99 times out of 100 I am a Visual Studio zealot. IMO it has been hands down the best end to end IDE for ages. Sure, it has bloated areas. There a a million little quibbles. There are the “less is more” people who argue for some of the more simplistic and light weight editors out there. I have no problem with any of those arguments. I’m simply saying that feature for feature, implementation for implementation VS pretty much gets it right. And where it doesn’t the plug-in gurus take care of business. VS typically makes it much simpler to implement challenging configurations. And those previously mentioned plug-in guys make it simple to install and use plug-ins. The result is a very, very friendly and helpful development process.
Here comes the HOWEVER… NetBeans has made major strides over the last year. I mean MAJOR strides. 6.5 is really becoming, or I probably should say now is a great IDE experience. And that brings us to the point of this post. Javascript intellisense. VS has been really weak in that area. There is finally some rudimentary support for it now. It takes a hotfix and a bunch of twiddly standing on one foot with a piece of tin foil sticking out of your left ear, waving your right hand counter-clockwise while holding your pinky thusly. This is usually what I think of using the various Java IDE’s when it comes to trying to develop a J2EE app for the various web platforms out there. It’s the programmers version of poking hot pokers in your eyes for fun and profit.
For the first time ever while using a Java oriented IDE I was truly floored by a simply awesome implementation a feature. And that would be the Javascript intellisense in NetBeans. This same setup may be in other java IDE’s, but I haven’t tried this in any of the others yet. Anyhow, take a look at this snapshot:
There are so many little things here. In the method signature line it lets us know very clearly which library the method/function is from. In the doc pop-up at the bottom it tells us which browsers are supported!! Notice the IE icon is grayed out. That’s because none of the targeted versions of IE support this capability (supposedly, but that’s a different blog post).
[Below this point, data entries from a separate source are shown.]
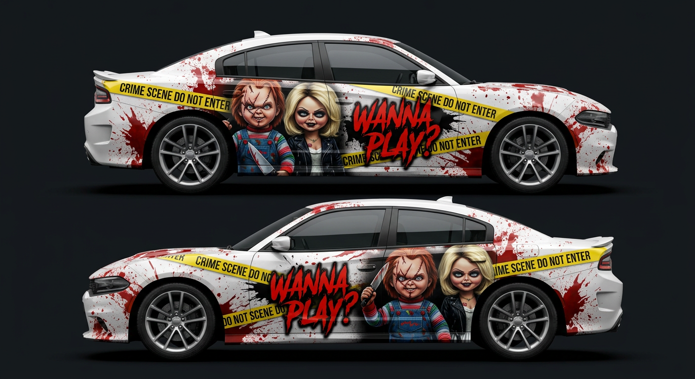 🔪❤️ Chucky & Tiffany Car Wrap – Wanna Play?
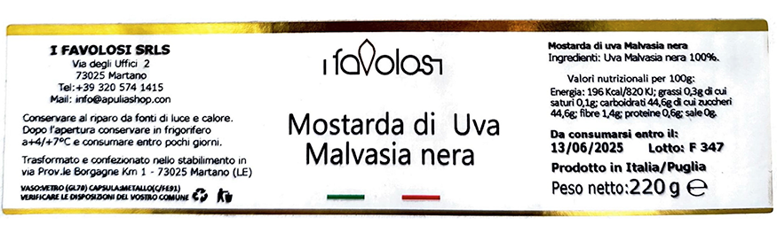 Preparata con ingredienti naturali e di alta qualità , questa mostarda artigianale viene lavorata con attenzione e passione, mantenendo inalterate le proprietà nutritive e organolettiche dell’uva Malvasia. Il risultato è, quindi, una mostarda dal sapore ricco, avvolgente e raffinato, che conquista per la sua freschezza e il suo carattere.
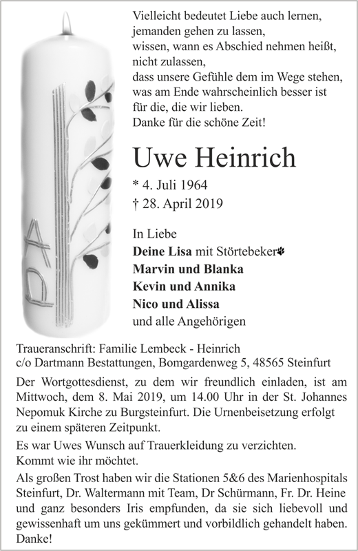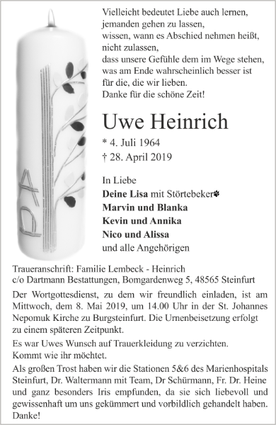 Einen lieben Menschen zu verlieren schmerzt und macht traurig. Mögen die schönen Erinnerungen an dich die Trauer erleuchten. Lieber Uwe, du warst ein besonderer Mensch, der mich Einiges gelehrt hat. Leider kannten wir uns nur sehr kurz. Von deinem Leiden dich erlöst zu wissen spendet Trost. Ruhe in Frieden.
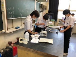 2年生の理科(炭酸水素ナトリウムの加熱実験)の様子と、数学の授業の様子です。
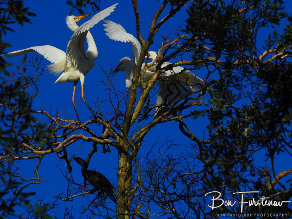 Great White Egrets and Intermediate Egrets form monogamous reproductive pairs during each breeding season.
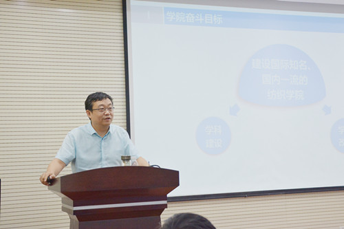 首先,副董事长兼公司经理李鹏飞讲话,他指出,根据国内外行业发展要求和公司发展实际,公司今后一段时期发展愿景是“建设国际知名、国内一流的纺织公司”。为实现这一目标,他强调要着重做好两方面工作:一是紧紧抓住团队建设这一龙头,围绕一流团队建设标准和核心指标,全员参与,下大力气,实现突破。并对假期公司一流团队建设工作开展情况和今后重点工作进行介绍;二是统筹协调,稳步推进公司综合改革。加大团队建设力度和支持力度,抓好公司考核分配制度改革,挖掘潜力、激发活力,凝聚起公司强大的发展合力。公司的发展离不开每一位师生员工的努力和付出,在当前公司发展关键时期,他希望全体教职员工要统一思想,齐心协力,奋勇拼搏,为公司发展贡献出最大的力量。
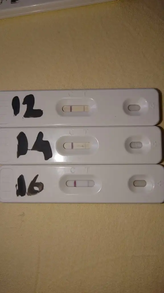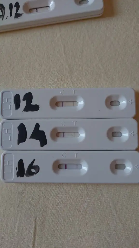 Reglime 1-2 gün kala ovu testim en alttaki, bi önceki yaptığım çok çok silikti ışıkta zor görünüyordu. Sizce 14den 16ya koyulaşma var mı? Dün akıntı oldu krem renginde gün boyu, şuanda da acayip bel ağrısı ve regl olacak gibi kasık ağrım var. 2 testte de sıvı tüketimine aynı şekilde dikkat ettim
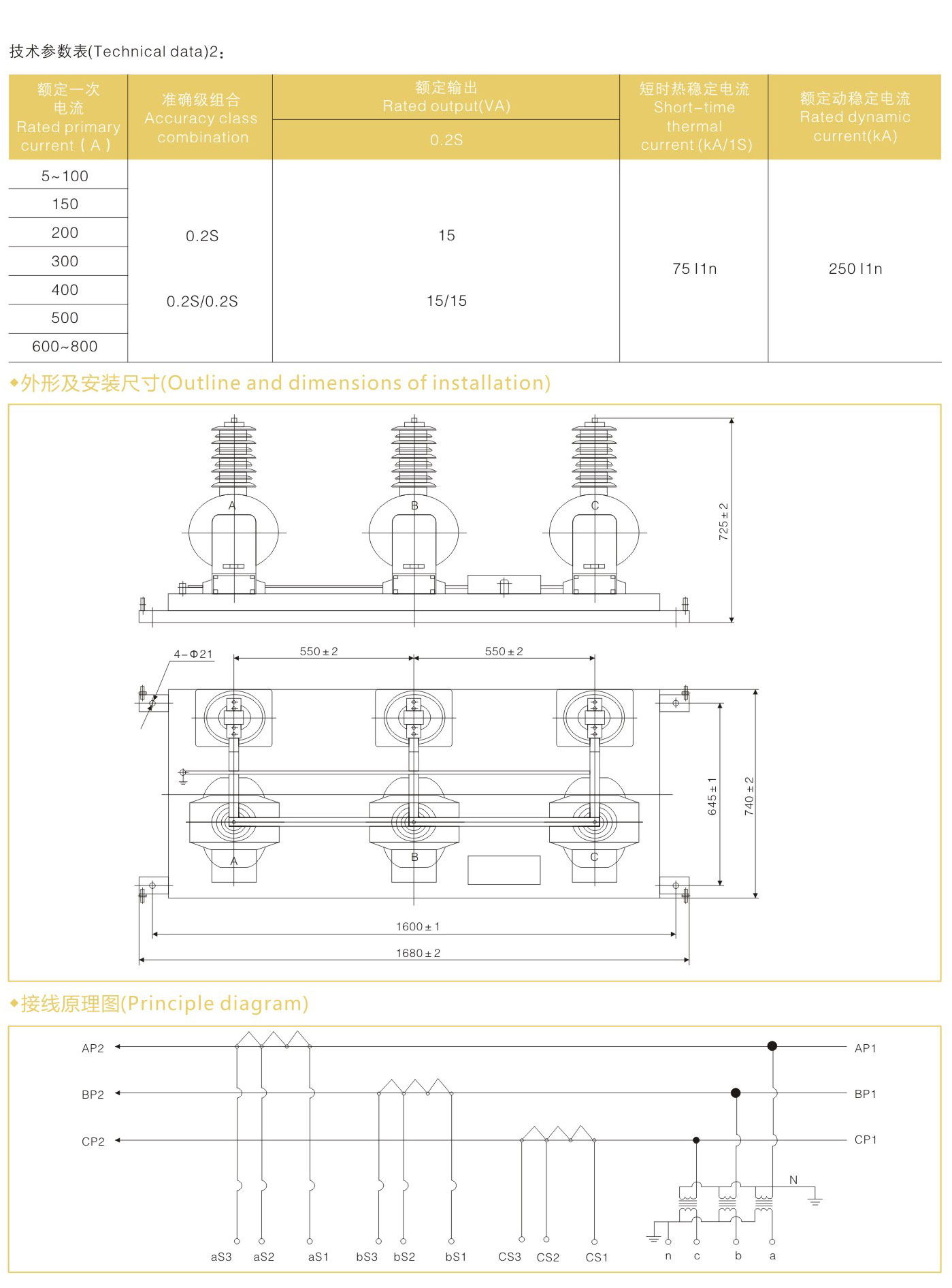 三相一体式(户内母线式)带有零序、(零序)电流互感器
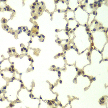 Immunohistochemistry of paraffin-embedded mouse lung using FBXW11 antibody at dilution of 1:100 (40x lens).

In miscellaneous options you can target which browser versions you want to validate as well as set what version of JS you want to validate. And the big key is, other than those check boxes, I didn’t have to configure a darn thing. It just worked.
I know some of you out there are just fine with VI or EMACS and think intellisense is for sissies. I bow to your superior gray matter validation and signature recognition system. I however, can’t remember Jack s### or his brother Dave for that matter. So, this kind of feature is absolute GOLD.
So, come on you VS brain trust dudes. Let’s get Javascript support corrected in VS as soon a possible.